We are pushing hard to ensure electric vehicles must have smart charging, so they charge at a time when there is capacity because the renewables like wind are blowing and it’s not the peak demand of the day. We try and fill in the troughs with electric vehicle charging.
But notwithstanding that, then the electricity market reform and the capacity mechanism, which looks at t-minus four and also t-minus one, so four years and one year ahead, they made sure that based on the forecast predictions that even on those cold days when there’s no wind and solar, that there is enough controllable generation to meet the demand.
Are you expecting any problems with the uncertainty around Brexit and the election affecting European interconnectors, and how can you factor that into a ten year statement?
We spent a lot of time thinking about Brexit and the impact on interconnectors, from what we’ve seen of the legislation we believe that whatever the outcome of Brexit power will still flow across the interconnectors.

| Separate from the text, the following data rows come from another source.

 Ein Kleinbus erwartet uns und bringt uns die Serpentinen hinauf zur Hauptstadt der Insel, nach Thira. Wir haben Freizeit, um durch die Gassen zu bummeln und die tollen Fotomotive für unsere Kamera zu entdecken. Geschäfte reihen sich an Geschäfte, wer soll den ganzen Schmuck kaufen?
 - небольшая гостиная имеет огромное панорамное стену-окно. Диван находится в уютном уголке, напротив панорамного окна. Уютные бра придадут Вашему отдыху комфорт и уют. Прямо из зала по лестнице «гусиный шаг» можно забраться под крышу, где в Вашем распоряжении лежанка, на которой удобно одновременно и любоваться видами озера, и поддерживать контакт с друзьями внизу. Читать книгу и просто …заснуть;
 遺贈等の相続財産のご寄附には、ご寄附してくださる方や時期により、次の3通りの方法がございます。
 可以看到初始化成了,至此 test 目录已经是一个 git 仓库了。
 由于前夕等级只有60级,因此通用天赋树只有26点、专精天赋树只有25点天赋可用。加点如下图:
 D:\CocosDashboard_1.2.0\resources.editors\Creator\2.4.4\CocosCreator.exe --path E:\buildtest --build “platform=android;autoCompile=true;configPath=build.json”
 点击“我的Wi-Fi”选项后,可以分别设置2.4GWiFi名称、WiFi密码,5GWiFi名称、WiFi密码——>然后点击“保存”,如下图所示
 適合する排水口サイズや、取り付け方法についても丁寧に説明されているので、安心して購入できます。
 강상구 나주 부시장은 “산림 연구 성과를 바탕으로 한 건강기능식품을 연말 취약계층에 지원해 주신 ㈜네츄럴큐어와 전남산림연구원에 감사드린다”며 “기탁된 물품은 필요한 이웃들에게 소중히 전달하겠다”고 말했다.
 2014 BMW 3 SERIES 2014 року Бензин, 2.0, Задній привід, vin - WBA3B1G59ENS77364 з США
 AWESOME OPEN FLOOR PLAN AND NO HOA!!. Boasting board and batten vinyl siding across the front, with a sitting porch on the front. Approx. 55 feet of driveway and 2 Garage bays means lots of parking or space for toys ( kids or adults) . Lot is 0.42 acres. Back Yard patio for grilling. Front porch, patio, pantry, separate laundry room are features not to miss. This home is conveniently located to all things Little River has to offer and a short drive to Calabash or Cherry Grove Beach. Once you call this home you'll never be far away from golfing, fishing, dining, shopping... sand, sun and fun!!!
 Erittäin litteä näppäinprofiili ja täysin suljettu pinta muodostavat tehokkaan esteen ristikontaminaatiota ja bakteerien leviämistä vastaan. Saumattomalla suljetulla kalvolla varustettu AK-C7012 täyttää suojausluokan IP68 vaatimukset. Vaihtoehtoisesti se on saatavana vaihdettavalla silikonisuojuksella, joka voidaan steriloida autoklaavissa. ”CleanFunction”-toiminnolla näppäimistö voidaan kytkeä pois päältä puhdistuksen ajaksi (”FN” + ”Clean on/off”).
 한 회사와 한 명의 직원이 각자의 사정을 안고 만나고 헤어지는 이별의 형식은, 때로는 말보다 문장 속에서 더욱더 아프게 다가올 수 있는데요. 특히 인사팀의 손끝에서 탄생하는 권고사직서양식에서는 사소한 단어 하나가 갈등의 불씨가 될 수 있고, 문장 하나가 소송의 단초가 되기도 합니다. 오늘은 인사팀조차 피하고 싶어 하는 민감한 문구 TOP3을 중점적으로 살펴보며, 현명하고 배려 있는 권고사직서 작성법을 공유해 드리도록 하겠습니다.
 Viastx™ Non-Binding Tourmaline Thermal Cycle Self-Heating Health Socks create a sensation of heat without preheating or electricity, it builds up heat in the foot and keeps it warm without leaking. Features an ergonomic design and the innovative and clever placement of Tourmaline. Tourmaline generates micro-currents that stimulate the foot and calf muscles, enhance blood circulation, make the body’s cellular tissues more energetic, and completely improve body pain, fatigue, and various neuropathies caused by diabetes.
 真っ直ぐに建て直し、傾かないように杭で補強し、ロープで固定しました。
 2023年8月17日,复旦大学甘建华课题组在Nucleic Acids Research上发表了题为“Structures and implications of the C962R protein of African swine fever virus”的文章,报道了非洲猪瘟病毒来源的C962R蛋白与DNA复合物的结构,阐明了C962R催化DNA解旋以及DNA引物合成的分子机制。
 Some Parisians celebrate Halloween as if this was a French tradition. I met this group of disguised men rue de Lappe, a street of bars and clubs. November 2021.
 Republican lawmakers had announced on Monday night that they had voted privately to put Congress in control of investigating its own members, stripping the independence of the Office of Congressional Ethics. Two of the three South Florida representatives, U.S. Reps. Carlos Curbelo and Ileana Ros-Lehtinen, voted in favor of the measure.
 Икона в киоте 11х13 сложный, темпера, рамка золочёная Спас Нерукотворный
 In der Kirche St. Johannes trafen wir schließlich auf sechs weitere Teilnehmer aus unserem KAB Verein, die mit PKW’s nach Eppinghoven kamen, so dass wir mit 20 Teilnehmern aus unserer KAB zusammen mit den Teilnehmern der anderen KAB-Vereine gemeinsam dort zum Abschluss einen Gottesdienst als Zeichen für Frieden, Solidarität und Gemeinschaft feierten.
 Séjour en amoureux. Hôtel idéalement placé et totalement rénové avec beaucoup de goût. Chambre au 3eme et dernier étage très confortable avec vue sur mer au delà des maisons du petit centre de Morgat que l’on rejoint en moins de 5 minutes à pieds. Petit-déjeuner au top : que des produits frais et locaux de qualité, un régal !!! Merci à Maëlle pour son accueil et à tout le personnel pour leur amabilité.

In any event, even if it didn’t, there is enough generation within GB in order to meet the potential shortfall that an interconnector might deliver. But we don’t expect that to be a problem; we’re still part of the single energy market. There may be additional tariffs that apply, but we just don’t know.
We think that power will still flow because at the end of the day, there’s a market for that energy and the energy will go to where the money is. There’s nothing in the Brexit legislation that would prevent the import of energy from Europe, so we’re pretty comfortable with that.
As you look into the longer term, obviously, it’s a question for interconnector developers as to whether the financial security and stability of the two markets remains investable.
But that’s a question for the network interconnector developers, not for the ESO. But in the future energy scenarios we’re still predicting a significant increase in interconnection with Europe.
Could you talk me through the probabilistic approach that you’re looking into taking?
We already use a probabilistic approach for thermal. If you look at the security quality supply standards, they were developed in the 90s and they were deterministic standards.
What we’ve done since 2010 is introduce something called Connect and Manage, which means that we can connect the generation and then manage the output to handle the reinforcements we made. That led the way for us to be able to apply that principle to all of the bigger bounded capability reinforcements.
What we do in the NOA process is we look at what is the likelihood, and what are the number of hours in the year when the wind was above a certain level? What is the cost of the transmission asset that’s going to deliver that, and what actions could we take in a balancing mechanism in order to manage the flow of power across that boundary?
Then we do that cost benefit assessment. We’re looking at the value of a transmission asset and the value of the forecast constrained costs based on 20 years of wind and solar data. This allows us to look at the likelihood of that boundary being exceeded and therefore either the action taken in the balancing mechanism or the reinforcement being built. By comparing those two we can work out is a better to build the assets or to constrain generation.
You’re still developing it for a broader electrical system though, are there any challenges that remain?
The scenario I just talked about is a traditional thermal probabilistic assessment. What we’re developing is a way to make sure that probabilistic assessment is applied much more broadly across all of our activities within the electricity system operator.
Also we want to expand it into voltage probabilistic assessment, as well as just thermal. So we are just expanding that probabilistic assessment today to be much more fully utilised across all of the system.